International Association for Cryptologic Research

International Association
for Cryptologic Research

IACR News item: 10 February 2015

Jiqiang Lu
ePrint Report ePrint Report
COPA is a block-cipher-based authenticated encryption mode with a provable birthday-bound security under the assumption that the underlying block cipher is a strong pseudorandom permutation, and its instantiation with the AES block cipher is called AES-COPA. Marble is an AES-based COPA-like authenticated encryption algorithm with a full security. In this paper, we analyse the security of COPA and Marble against universal forgery attacks. We present beyond-birthday-bound (almost) universal forgery attacks on the COPA when used with constant or variable associate data, and present (almost) universal forgery attacks on the Marble when used without associated data or with (variable) associate data.
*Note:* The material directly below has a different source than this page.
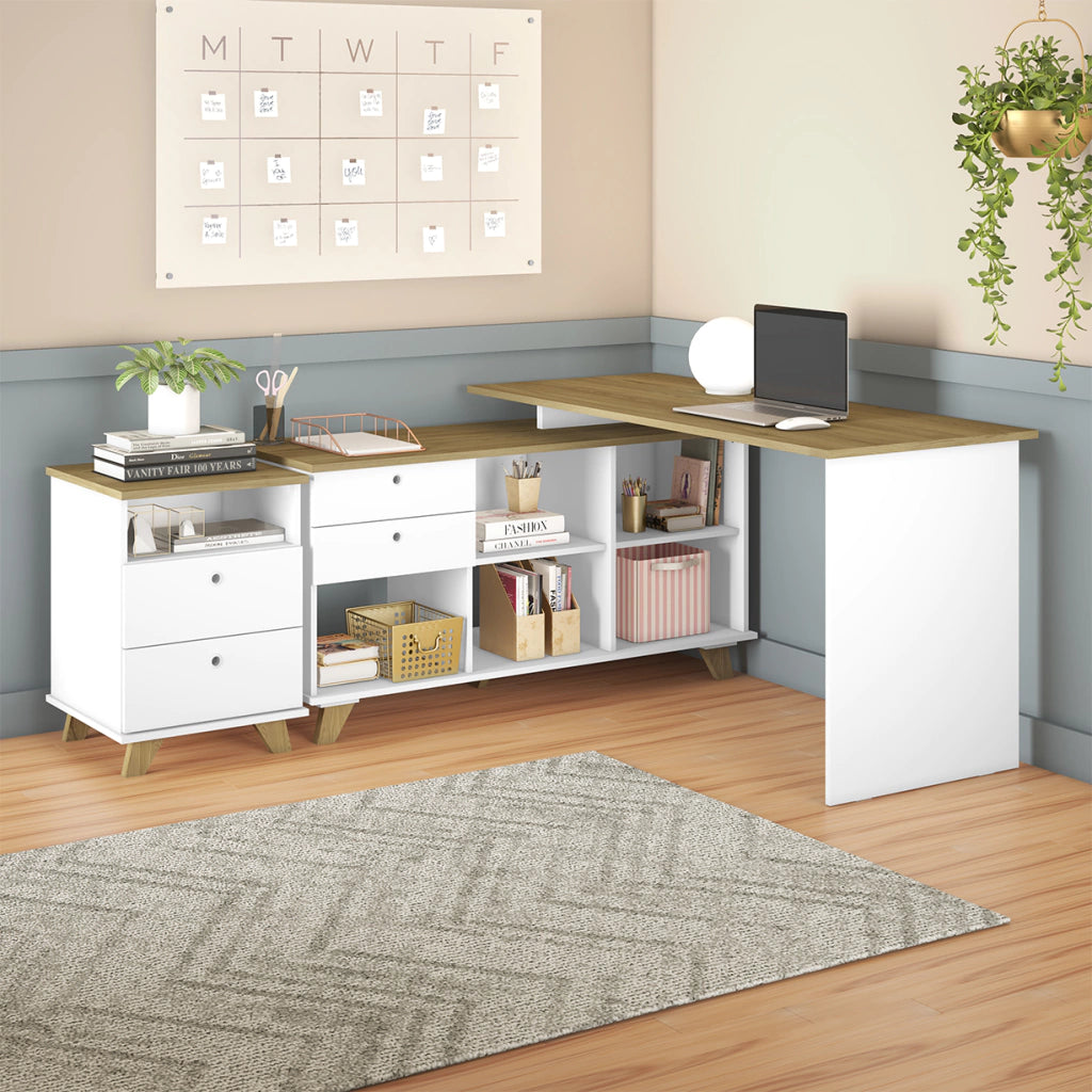 Trabalhe e estude de maneira organizada e produtiva com esta linda escrivaninha, perfeita para você transformar o ambiente em um local agradável e charmoso. Seu belo design retrô é proporcionado pelos pés angulados, detalhe que faz toda a diferença na aparência final. é muito versátil e tem estrutura flexível, podendo ser montado para o lado esquerdo ou direito, se adaptando ao seu espaço. Os nichos e as gavetas são ideais para manter o local organizado, já que guardam todos os seus objetos, livros e materiais com elegância. O amplo tampo garante muito conforto e comodidade, para você trabalhar ou estudar com muito espaço para seu computador, notebook, papéis e livros. Materiais e o revestimento de alta qualidade proporcionam a beleza e alta qualidade que sua casa merece!

Our attacks on the COPA with variable associate data have a complexity very near the birthday bound, and their applications to AES-COPA show that the security claim of AES-COPA against tag guessing may be not correct; and our attacks on the (newest as well as initial version of) Marble with associate data show that Marble does not provide a full security that the designer claimed. Like many recently published cryptanalytic results on message authentication algorithms with a provable birthday-bound security, our attacks on COPA do not violate its security proofs, but provide a comprehensive understanding of its security against universal forgery attack, show that the success probability of a universal forgery on the COPA is larger than the ideal bound $2^{-n}$ of the standard forgery-resistance, and boil down to an existing open question: Should a message authentication algorithm with a weaker security claim than the standard forgery-resistance be regarded as a sound design?